= Beginning of Section =

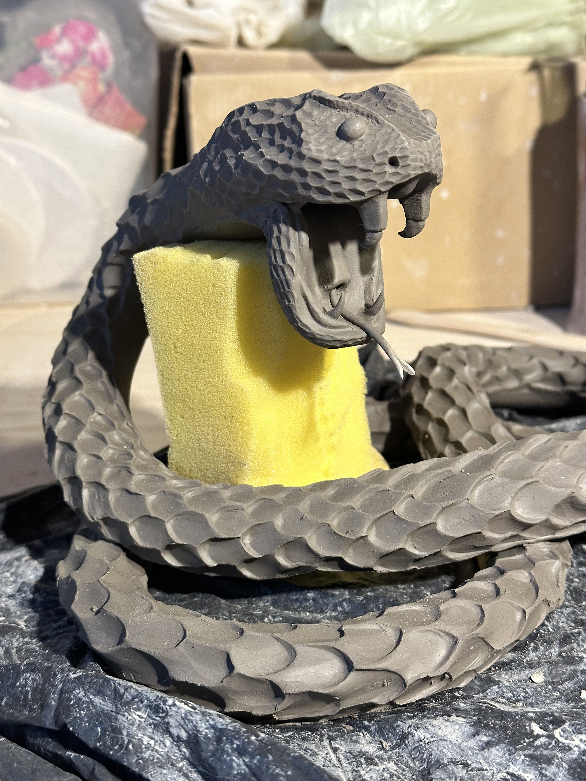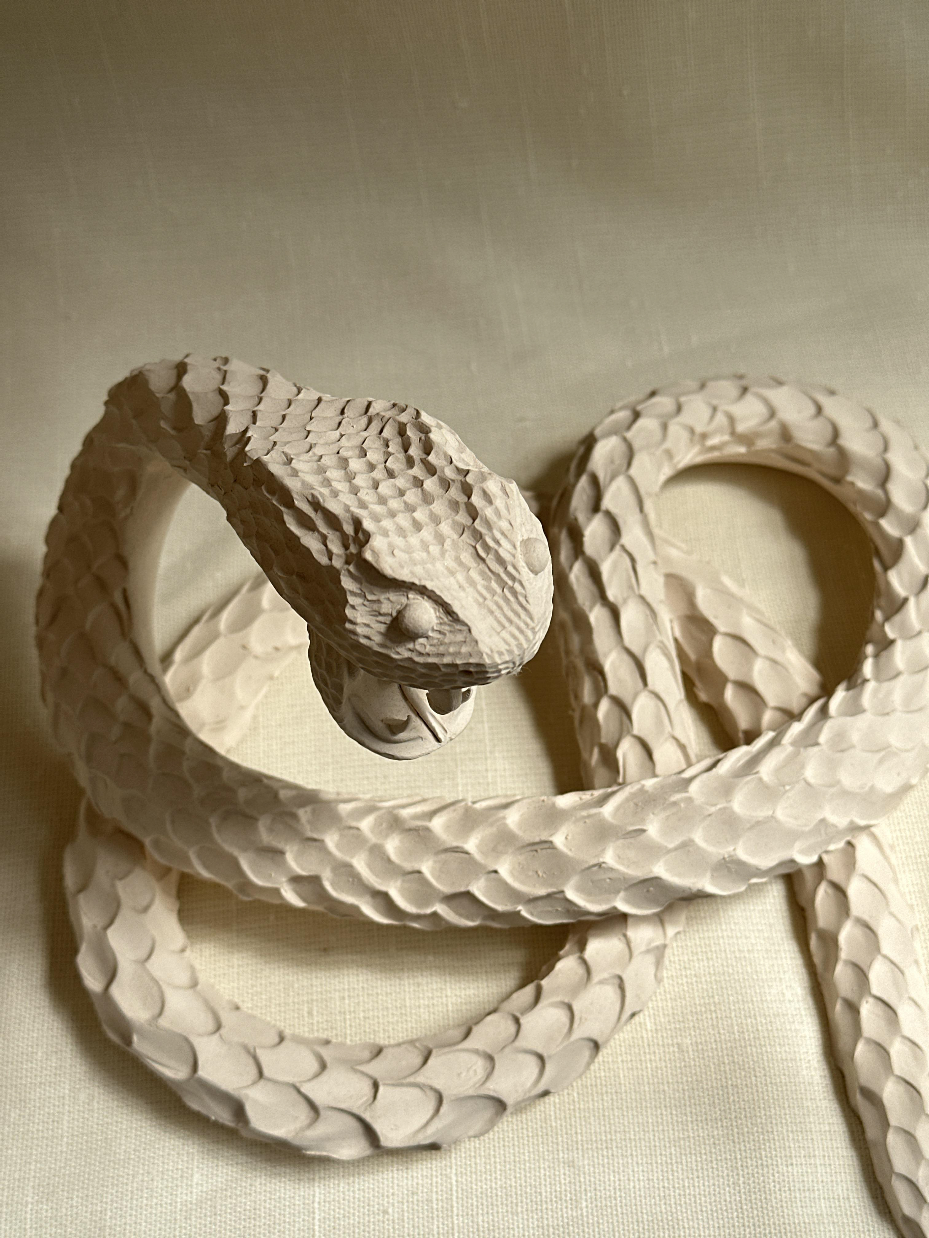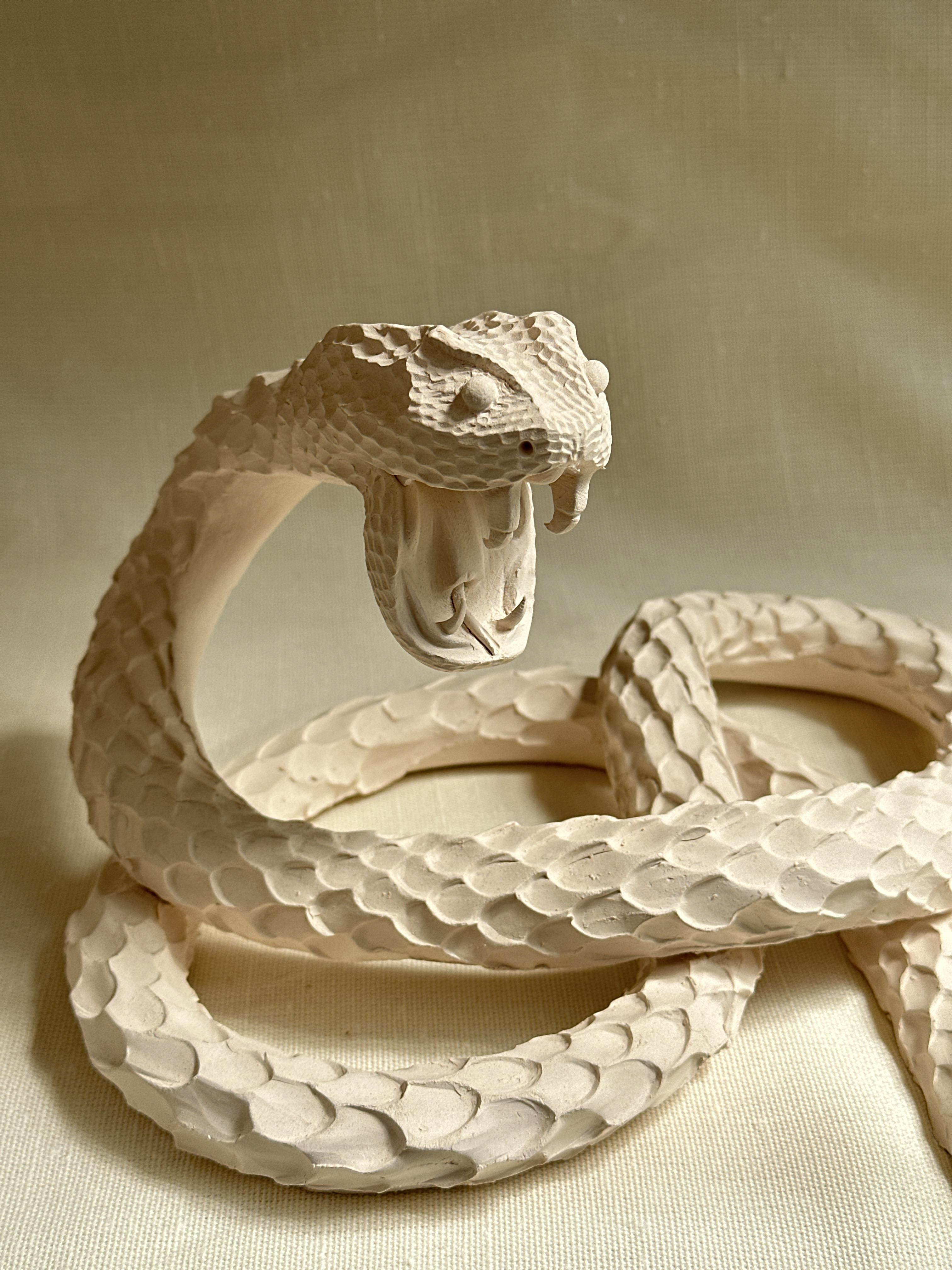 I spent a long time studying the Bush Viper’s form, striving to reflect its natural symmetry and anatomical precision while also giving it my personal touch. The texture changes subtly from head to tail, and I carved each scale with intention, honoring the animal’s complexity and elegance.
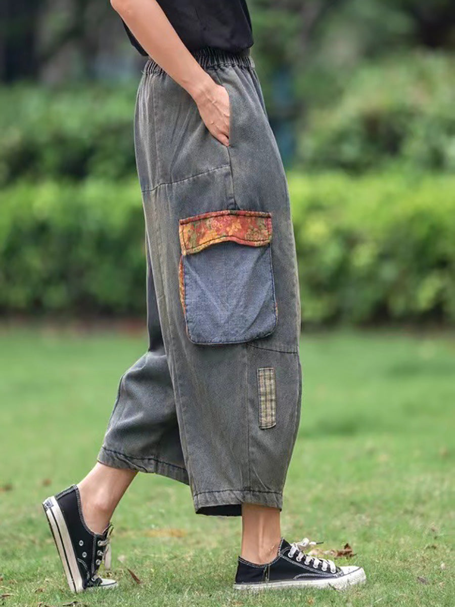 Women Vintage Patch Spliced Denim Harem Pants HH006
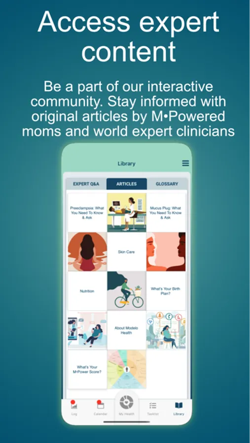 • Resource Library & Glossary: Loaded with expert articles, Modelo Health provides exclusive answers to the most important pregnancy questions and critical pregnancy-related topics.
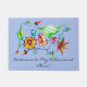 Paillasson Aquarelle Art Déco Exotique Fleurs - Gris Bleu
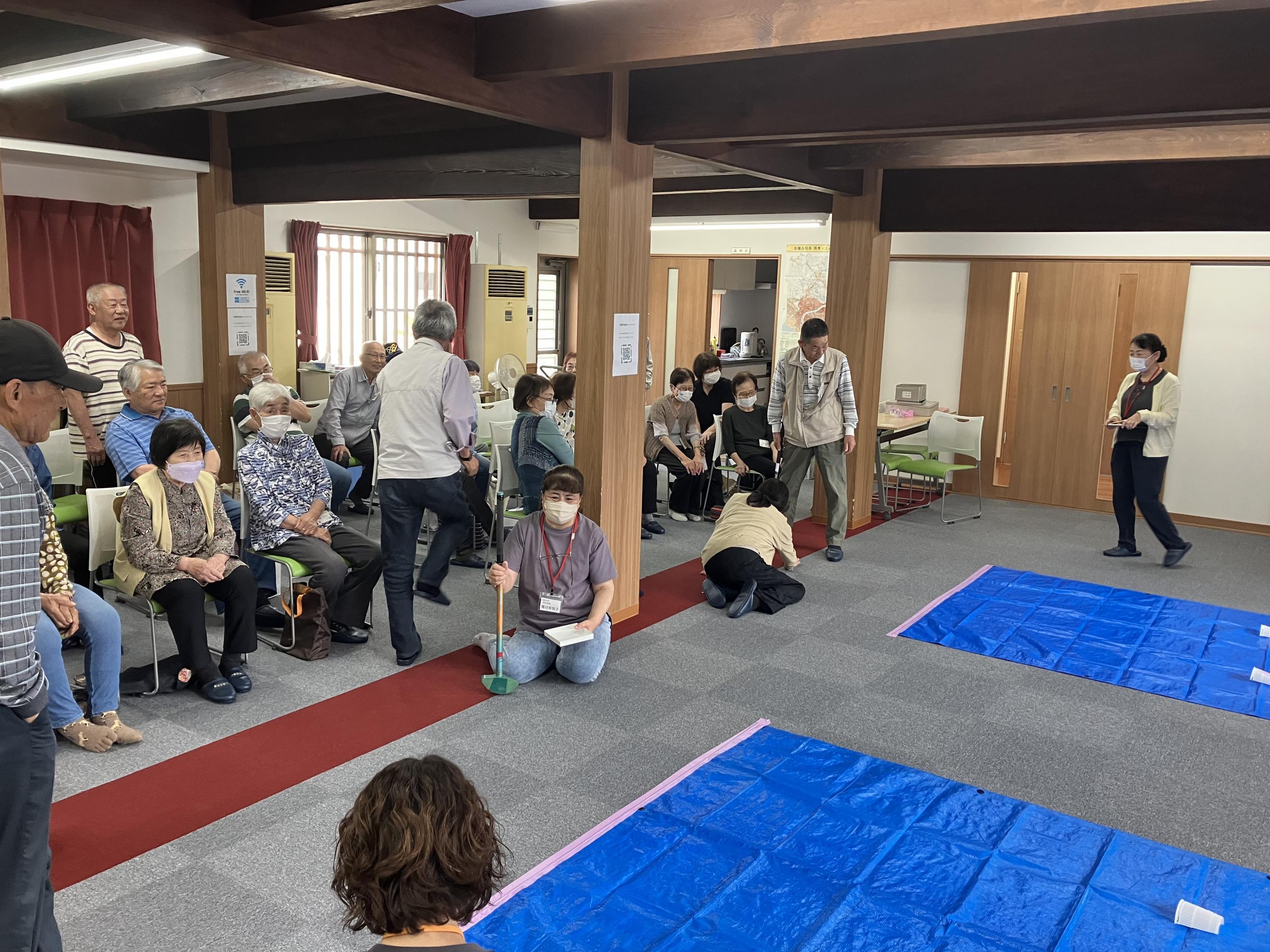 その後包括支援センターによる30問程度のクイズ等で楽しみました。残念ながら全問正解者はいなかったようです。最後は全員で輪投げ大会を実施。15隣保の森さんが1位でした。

= End of Section =

Reproduce exactly the lines from the beginning of the material down to the line containing "Paillasson Aquarelle Art", both ends included, but not the pictures or anything after.

» **Answer box**:
 I spent a long time studying the Bush Viper’s form, striving to reflect its natural symmetry and anatomical precision while also giving it my personal touch. The texture changes subtly from head to tail, and I carved each scale with intention, honoring the animal’s complexity and elegance.
 Women Vintage Patch Spliced Denim Harem Pants HH006
 • Resource Library & Glossary: Loaded with expert articles, Modelo Health provides exclusive answers to the most important pregnancy questions and critical pregnancy-related topics.
 Paillasson Aquarelle Art Déco Exotique Fleurs - Gris Bleu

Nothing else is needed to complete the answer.